I agree with others, go visit in person. Much like you can tell a lot about a school by a drop in visit, the same can be said for elder care facilities.
If she’s going into memory care does she need amenities? What are the most important things for her care and focus on that. I think places make and break on staff. Check turnover, check qualifications and ask about the daily schedule. Also ask how meds are determined and given out, access to a doctors visit. For me there is something to be said for bigger places so there is less dependency on one particular caregiver. To me the more eyes the better. It’s like daycare - a home daycare can be cozier, more trust to the individual, whereas a daycare center will be more structured, less chance of any funny business with an individual. It just really depends on the particular place.
Thank you. I very much like the daycare analogy! These situations always bring complicated family dynamics to the forefront as well. My m-i-l lives in Dallas near her younger son - and he is in charge. We are flying in this week. I know we won’t have much of a say in anything - and b-i-l has handled her financial affairs and health issues for years - and done a great job - no complaints. I just want to be an informed participant rather than a useless bystander.
rockvile–if your MIL is going downhill that fast maybe you also need to talk to the local hospice, either at the hospital or rehab facility. At 91, palliative or comfort care could be best and they could help you find the appropriate facility/home for what you actually want.
When your MIL is “with it”, what are her desires? What are her health care goals and how can you help her get there? I know she probably wants to go back home, but that can’t happen. Best wishes because this isn’t easy on any level.
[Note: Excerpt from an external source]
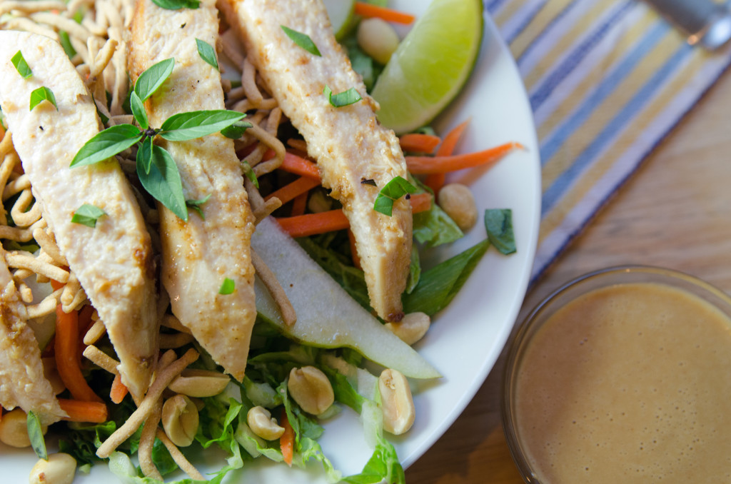 What I love about this salad? The combination of the sweet pear, the salty peanuts, the tangy dressing, the peppery cabbage and the fresh herbs, it’s a flavor explosion! And, it’s less than 400 calories WITH DRESSING! Pair with a crusty dinner roll and you have an amazing and filling meal.

dentmom - if I was managing the situation and this was my mother - I would completely agree with you. But I am not managing this - just a helpless bystander. My m-i-l emphatically told me she wanted no extraordinary measures taken. But we never got into specifics. Now she has been hospitalized for 8 days and while she does have reasonably lucid hours here and there - she is mostly very confused and helpless. Her blood pressure was dangerously high all week - now it is too low. She is experiencing terrible head pain. Second CT scan showed nothing - now the hospital is proposing a spinal tap. I just feel like she is being tortured at this point.
I’m so sorry for your MIL’s pain and circumstance. Is she dehydrated? Was the urine culture a “clean catch” or a catheterization? Has it been repeated? It sounds like her medication has now lowered her blood pressure to a point that she may also be an increased fall risk. It also seems like they are trying to rule out any central nervous system disorders including viral, bacterial, fungal. A spinal tap would be the next step after exam, blood, and radiological studies. It may uncover something that is easily treatable. Since she was doing well previously, this is something that I would consider for my elderly family members. Sending good thoughts and hugs.
Thank you. It’hard being in Maryland and all this going on in Dallas. We are dependent on DH’s brother for updates. I don’t know any details about the UTI testing - just that it was eliminated. She has an IV - so I assume she is being kept hydrated. Thank you for your reassurance that doing the spinal tap is not crazy. The funny thing - if there is a funny thing in this whole situation - is that I generally don’t even LIKE my m-i-l - and yet this had been so upsetting. For those of you dealing with this type of situation for your parent or other close family member - you have my utmost sympathy. This is hard.